Authors: Amina Makhlouf; Lilia Lazli; Bachir Bensaker
Addresses: LRI (Laboratory of Computer Research), Department of Computer Science, University of Badji Mokhtar, BP. 12, Annaba, Algeria ' LRI (Laboratory of Computer Research), Department of Computer Science, University of Badji Mokhtar, BP. 12, Annaba, Algeria ' Department of Electronics, University of Badji Mokhtar, BP. 12, Annaba, Algeria
Abstract: In this paper, we present an Audio-Visual Automatic Speech Recognition System that combines the acoustic and the visual data.
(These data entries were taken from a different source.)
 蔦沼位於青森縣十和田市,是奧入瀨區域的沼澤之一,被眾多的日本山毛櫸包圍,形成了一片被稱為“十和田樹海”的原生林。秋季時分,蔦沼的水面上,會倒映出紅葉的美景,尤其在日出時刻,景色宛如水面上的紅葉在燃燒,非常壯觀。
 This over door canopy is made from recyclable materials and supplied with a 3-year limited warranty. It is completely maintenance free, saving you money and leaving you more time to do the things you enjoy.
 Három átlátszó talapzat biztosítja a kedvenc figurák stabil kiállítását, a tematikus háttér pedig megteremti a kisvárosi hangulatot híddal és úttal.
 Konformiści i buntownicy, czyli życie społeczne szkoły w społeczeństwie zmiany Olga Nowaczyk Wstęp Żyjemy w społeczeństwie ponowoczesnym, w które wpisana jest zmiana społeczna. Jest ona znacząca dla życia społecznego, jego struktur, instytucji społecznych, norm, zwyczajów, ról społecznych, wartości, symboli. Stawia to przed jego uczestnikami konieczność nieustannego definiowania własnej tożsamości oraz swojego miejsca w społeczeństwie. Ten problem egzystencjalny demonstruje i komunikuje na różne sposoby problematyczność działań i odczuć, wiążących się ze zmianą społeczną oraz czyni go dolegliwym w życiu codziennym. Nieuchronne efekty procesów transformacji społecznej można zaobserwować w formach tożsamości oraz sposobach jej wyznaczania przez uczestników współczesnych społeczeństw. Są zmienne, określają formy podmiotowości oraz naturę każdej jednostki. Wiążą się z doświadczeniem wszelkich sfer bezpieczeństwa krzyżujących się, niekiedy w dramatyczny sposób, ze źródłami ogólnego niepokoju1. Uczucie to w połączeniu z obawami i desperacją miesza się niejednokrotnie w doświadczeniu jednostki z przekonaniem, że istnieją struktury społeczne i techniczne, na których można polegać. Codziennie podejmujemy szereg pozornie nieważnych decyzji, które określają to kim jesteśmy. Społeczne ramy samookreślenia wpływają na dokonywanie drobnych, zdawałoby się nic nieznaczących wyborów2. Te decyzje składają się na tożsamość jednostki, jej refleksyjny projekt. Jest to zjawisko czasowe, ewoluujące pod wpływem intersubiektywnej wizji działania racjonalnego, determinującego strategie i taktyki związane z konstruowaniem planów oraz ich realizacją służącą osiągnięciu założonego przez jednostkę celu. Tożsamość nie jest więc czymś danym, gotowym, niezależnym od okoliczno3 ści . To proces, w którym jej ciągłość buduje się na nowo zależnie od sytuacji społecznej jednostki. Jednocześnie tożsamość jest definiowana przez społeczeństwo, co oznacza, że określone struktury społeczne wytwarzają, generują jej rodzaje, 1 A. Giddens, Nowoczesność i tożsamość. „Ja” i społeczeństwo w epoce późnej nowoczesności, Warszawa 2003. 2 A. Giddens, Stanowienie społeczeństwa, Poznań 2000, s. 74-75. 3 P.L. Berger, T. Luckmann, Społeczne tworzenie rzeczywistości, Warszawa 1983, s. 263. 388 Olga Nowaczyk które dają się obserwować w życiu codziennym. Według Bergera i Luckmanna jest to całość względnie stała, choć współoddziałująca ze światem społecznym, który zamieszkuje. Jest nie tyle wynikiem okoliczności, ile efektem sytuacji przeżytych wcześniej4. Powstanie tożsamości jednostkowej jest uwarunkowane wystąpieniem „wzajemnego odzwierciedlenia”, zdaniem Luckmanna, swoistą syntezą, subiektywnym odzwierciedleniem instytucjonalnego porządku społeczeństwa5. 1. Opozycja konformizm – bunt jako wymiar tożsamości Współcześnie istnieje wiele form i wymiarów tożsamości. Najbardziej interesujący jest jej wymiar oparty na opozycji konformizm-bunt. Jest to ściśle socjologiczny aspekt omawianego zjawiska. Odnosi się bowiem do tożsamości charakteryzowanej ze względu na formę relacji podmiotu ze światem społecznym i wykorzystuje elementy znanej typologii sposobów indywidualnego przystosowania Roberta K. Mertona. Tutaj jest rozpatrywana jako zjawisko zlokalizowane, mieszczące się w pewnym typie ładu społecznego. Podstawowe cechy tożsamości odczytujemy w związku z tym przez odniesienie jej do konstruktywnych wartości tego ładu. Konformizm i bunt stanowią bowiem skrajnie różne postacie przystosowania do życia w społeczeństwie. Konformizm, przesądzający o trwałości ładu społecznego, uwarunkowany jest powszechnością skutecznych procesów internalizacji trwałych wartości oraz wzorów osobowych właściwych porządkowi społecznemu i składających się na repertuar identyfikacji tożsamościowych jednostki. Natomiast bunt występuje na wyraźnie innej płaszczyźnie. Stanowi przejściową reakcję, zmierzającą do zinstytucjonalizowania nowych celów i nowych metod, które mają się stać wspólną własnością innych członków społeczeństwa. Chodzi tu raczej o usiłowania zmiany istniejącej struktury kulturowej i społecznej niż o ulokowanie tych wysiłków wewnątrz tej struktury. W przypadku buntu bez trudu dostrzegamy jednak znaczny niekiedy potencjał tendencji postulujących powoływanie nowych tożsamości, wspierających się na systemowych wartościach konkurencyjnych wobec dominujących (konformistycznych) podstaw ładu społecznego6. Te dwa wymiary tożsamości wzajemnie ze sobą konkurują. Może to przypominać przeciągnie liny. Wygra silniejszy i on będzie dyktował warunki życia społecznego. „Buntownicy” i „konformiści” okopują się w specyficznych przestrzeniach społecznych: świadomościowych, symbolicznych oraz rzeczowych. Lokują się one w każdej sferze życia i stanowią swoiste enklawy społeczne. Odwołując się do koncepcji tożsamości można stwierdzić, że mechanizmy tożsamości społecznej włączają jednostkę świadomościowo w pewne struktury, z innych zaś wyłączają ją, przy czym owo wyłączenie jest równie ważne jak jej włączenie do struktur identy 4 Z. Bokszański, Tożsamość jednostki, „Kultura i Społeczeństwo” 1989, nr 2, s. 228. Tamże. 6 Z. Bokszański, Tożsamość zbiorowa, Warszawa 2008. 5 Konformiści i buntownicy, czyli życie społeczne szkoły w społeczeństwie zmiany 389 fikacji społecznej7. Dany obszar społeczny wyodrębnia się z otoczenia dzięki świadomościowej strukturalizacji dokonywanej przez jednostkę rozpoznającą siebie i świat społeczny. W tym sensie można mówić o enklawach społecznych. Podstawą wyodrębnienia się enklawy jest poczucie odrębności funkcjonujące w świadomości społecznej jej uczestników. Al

The proposed algorithm here, for modelling the multimodal data, is a Hidden Markov Model (HMM) hybridised with the Genetic Algorithm (GA) to determine its optimal structure. This algorithm is combined with the Baum-Welch algorithm, which allows an effective re-estimation of the probabilities of the HMM. Our experiments show the improvement in the performance of the most promising audio-visual system, based on the combination of GA/HMM model compared to the traditional HMM.
Keywords: automatic speech recognition; computer vision; HMM; hidden Markov models; GAs; genetic algorithms; hybrid models; signal processing; audio-visual fusion; AV fusion; Arabic; multimodal data modelling.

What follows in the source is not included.